— Exercise prompt —
Beginning with the line that has "La façade du Palazzo Reale" and ending with the line that has "เจดีย์กลางน้ำเยเลพญา", retype the entries below exactly, except for the pictures.

— Exercise data —
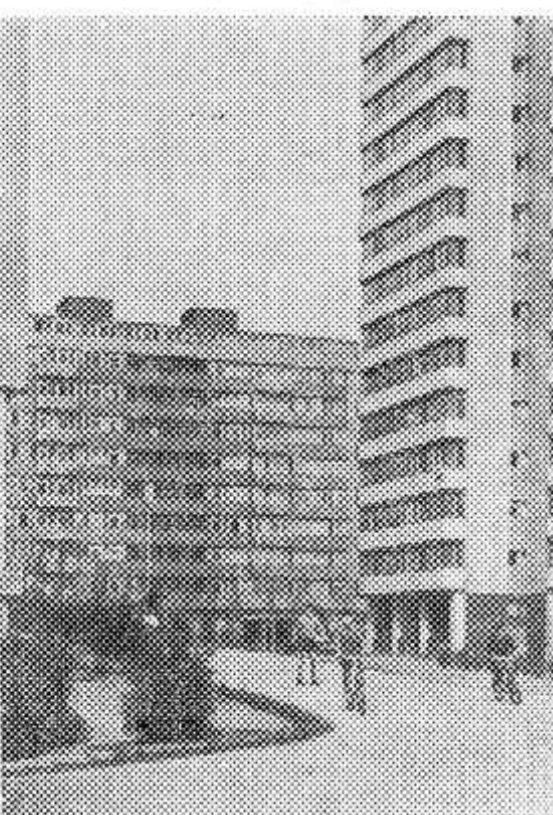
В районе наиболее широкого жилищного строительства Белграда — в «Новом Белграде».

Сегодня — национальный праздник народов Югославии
* * *
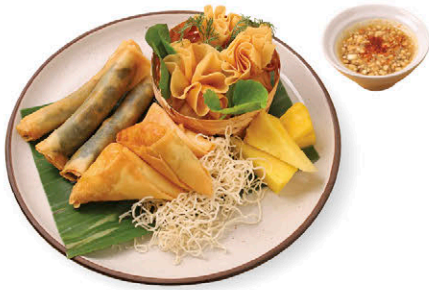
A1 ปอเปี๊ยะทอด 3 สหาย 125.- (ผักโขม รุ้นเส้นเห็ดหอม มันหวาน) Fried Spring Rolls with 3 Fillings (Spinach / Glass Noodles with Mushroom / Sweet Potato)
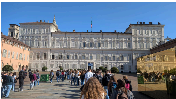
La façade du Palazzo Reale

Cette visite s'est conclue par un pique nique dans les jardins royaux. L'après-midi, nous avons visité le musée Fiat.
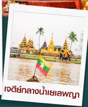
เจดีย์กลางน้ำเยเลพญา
--
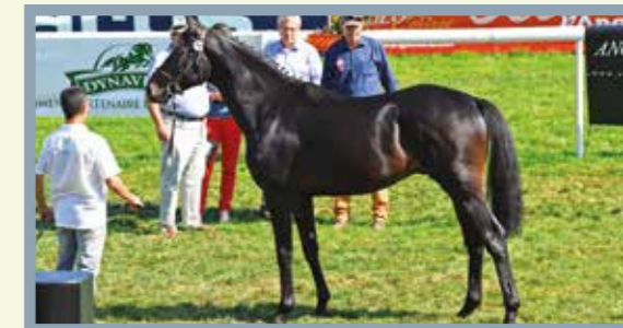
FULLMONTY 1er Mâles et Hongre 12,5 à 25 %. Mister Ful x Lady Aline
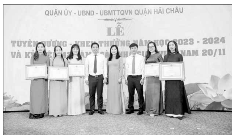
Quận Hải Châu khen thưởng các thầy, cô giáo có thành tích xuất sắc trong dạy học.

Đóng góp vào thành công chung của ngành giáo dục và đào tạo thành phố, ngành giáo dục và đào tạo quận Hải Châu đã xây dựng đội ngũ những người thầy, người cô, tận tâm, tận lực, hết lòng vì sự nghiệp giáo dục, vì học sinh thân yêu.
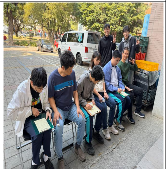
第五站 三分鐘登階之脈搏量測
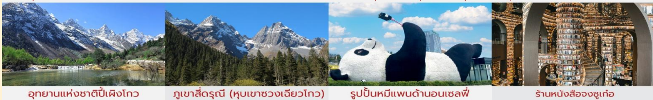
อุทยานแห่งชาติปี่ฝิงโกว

— Task answer —
La façade du Palazzo Reale

Cette visite s'est conclue par un pique nique dans les jardins royaux. L'après-midi, nous avons visité le musée Fiat.
เจดีย์กลางน้ำเยเลพญา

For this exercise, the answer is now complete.